Now every standard library that I've checked simply does it via a direct memcpy anyways (as implementors, they can perhaps simply rely on the define-UB-however-you-want-it rule), but that's of little consolation for people who want to write portable code that uses the same idiom. For trivially constructible types you can probably work around it by calling placement new before copying, which the compiler will usually optimize away to nothing, but for types with non-trivial constructors there is no good general workaround. Maybe one day.

@Aconcagua 2018-06-18 10:42:58

Considering the vector, isn't such operation (from sight of C++) rather moving than copying the objects to a new location in memory? If it was "copying", wouldn't we be required to call the destructors of the source objects? So the vector example appears to me not being applicable here. On the other hand, it shows that memcpy possibly might be legally used for both moving and copy initialising objects...

@curiousguy 2018-06-18 13:23:34

"An object is created by a definition (3.1), by a new-expression (5.3.4) or by the implementation (12.2) when needed" Nobody takes that statement seriously. It means that unions cannot be used. Actually the whole C++ object/storage model is a train wreck with obvious holes everywhere.

@Shafik Yaghmour 2018-06-18 15:45:24

@Remy Lebeau 2015-05-08 02:04:13

Is this code correct?

Well, it will usually "work", but only for trivial types.

I know you did not ask for it, but lets use an example with a non-trivial type:

#include <cstdlib>
#include <cstring>
#include <string>

struct T   // trivially copyable type
{
    std::string x, y;
};

int main()
{
    void *buf = std::malloc( sizeof(T) );
    if ( !buf ) return 0;

    T a{};
    a.x = "test";

    std::memcpy(buf, &a, sizeof a);    
    T *b = static_cast<T *>(buf);

    b->x = b->y;

    free(buf);
}

After constructing a, a.x is assigned a value.
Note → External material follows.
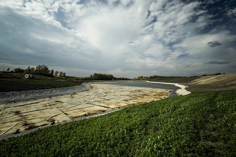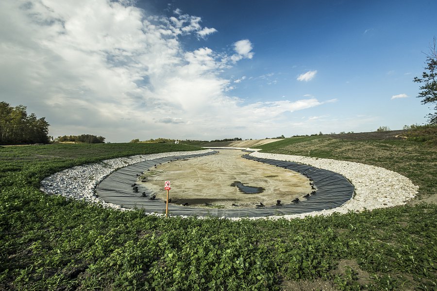 Revitalizace a sanace 27 metrů vysoké haldy na území rozprostírajícím se na ploše 98 hektarů. Před sanací se v haldě nacházely ohniska tzv. termických procesů, které dosahovaly průměrných teplot 50 ºC, místy až 75 ºC. Těleso odvalu vzniklo ukládáním hlušin při dobývání uhlí dolu Jeremenko (dříve Louis) v kombinaci s ukládáním hutních odpadů. Výška odvalu činí na většině plochy 20-25 m, na východní straně až 30 m. Na hlušinu obsahující zbytky uhlí byla lita horká struska a halda začala hořet. Naší činností došlo k eliminaci procesu hoření a k poklesu měřených teplot v tělese haldy. V rámci stavby jsme osadili 320 měřicích sond na úseku o délce 6,63 km. Po provedení monitorovacích vrtů a termického monitoringu bylo rozhodnuto o umístění 645 sanačních vrtů na délce 15,98 km. Do těchto vpravován inertní materiál – popílková suspenze. K omezení přístupu vzduchu do tělesa haldy byla současně vybudována souvislá vodní plocha o ploše 44800 m2 a objemem 180000 m3 a rozprostření těsnícího jílu na ploše cca 15,2 ha. Současně byly provedeny terénní úpravy, navezení humusu a osázení plochy zelení či vytvoření malé vodní nádrži o ploše 920 m2 a objemu 350 m3 s výsadbou vlhkomilných rostlin, vytvářejících vhodné prostředí pro živočichy. Obnova biotopu byla rovněž důležitou součásti rekultivace. Po celou dobu výstavby byl zajištěn dozor biologa, který sledoval výskyt ohrožených živočichů, kteří se i v tomto území „zabydleli“. Během výstavby byl zaznamenán výskyt ještěrky obecné, ropuchy zelené, skokana hnědého, kuňky žlutobřiché, skokana skřehotavého. Skokan skřehotavý byl rovněž prvním živočichem, který se nastěhoval do nově vybudovaného jezera. |

Let's assume that std::string is not optimized to use a local buffer for small string values, just a data pointer to an external memory block. The memcpy() copies the internal data of a as-is into buf. Now a.x and b->x refer to the same memory address for the string data. When b->x is assigned a new value, that memory block is freed, but a.x still refers to it. When a then goes out of scope at the end of main(), it tries to free the same memory block again. Undefined behavior occurs.

If you want to be "correct", the right way to construct an object into an existing memory block is to use the placement-new operator instead, eg:

#include <cstdlib>
#include <cstring>

struct T   // does not have to be trivially copyable
{
    // any members
};

int main()
{
    void *buf = std::malloc( sizeof(T) );
    if ( !buf ) return 0;

    T *b = new(buf) T; // <- placement-new
    // calls the T() constructor, which in turn calls
    // all member constructors...

    // b is a valid self-contained object,
    // use as needed...

    b->~T(); // <-- no placement-delete, must call the destructor explicitly
    free(buf);
}

@M.M 2015-05-08 02:05:18

How is the original code not correct, exactly?

@user1095108 2016-09-01 13:57:28

struct T containing a ::std::string is not trivially copyable in c++14 and onwards

@Ben Voigt 2018-02-07 21:44:56

An object containing a std::string has never been trivially copyable. It looks like a copy+paste mistake, the code in the question has a "trivially copyable" comment, and when the code was edited for the answer, the comment wasn't updated.

@g3cko 2015-05-08 01:57:41

From a quick search.

"... lifetime begins when the properly-aligned storage for the object is allocated and ends when the storage is deallocated or reused by another object."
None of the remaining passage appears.